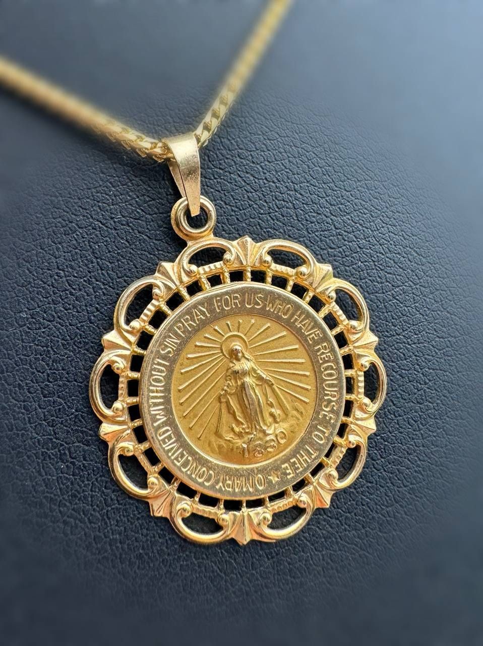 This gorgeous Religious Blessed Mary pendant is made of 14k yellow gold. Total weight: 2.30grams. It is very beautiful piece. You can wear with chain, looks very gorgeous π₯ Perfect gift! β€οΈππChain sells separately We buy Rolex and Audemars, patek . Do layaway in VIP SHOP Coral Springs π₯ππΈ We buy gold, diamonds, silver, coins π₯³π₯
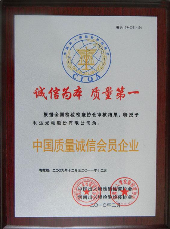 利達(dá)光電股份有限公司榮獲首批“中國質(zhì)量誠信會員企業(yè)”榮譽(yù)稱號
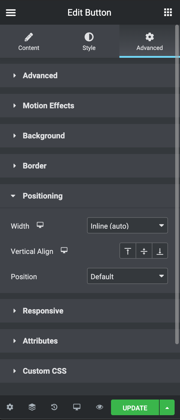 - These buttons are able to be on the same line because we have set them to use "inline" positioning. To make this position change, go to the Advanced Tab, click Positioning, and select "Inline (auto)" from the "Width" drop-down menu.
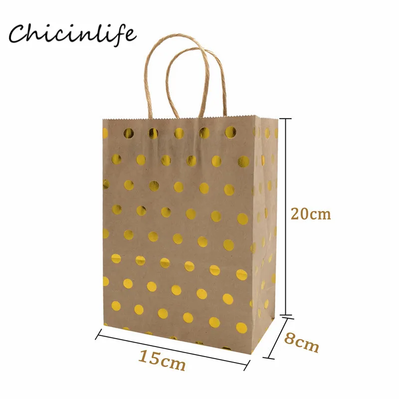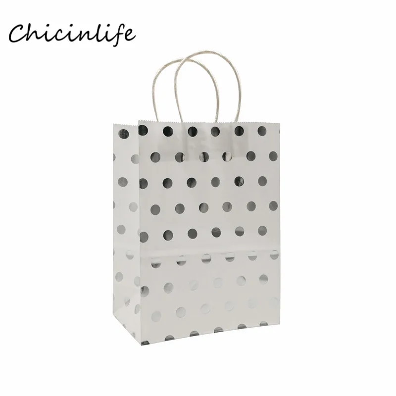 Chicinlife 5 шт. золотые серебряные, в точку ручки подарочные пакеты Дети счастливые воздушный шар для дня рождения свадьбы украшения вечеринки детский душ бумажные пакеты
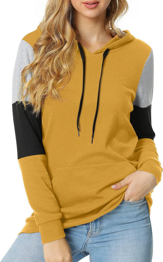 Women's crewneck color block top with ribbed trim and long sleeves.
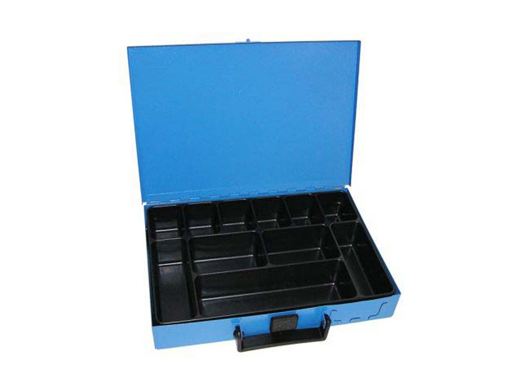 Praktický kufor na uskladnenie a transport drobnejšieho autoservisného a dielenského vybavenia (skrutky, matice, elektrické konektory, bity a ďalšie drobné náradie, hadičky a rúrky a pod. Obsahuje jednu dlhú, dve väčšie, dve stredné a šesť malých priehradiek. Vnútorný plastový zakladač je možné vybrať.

- _INSTRUCTIONS TO FOLLOW_:
Word for word, restate the lines above from the one with "利達(dá)光電股份有限公司" through the one with "- These buttons", keeping both ends and dropping the pictures.

- _EXERCISE RESPONSE_:
 利達(dá)光電股份有限公司榮獲首批“中國質(zhì)量誠信會員企業(yè)”榮譽(yù)稱號
 - These buttons are able to be on the same line because we have set them to use "inline" positioning. To make this position change, go to the Advanced Tab, click Positioning, and select "Inline (auto)" from the "Width" drop-down menu.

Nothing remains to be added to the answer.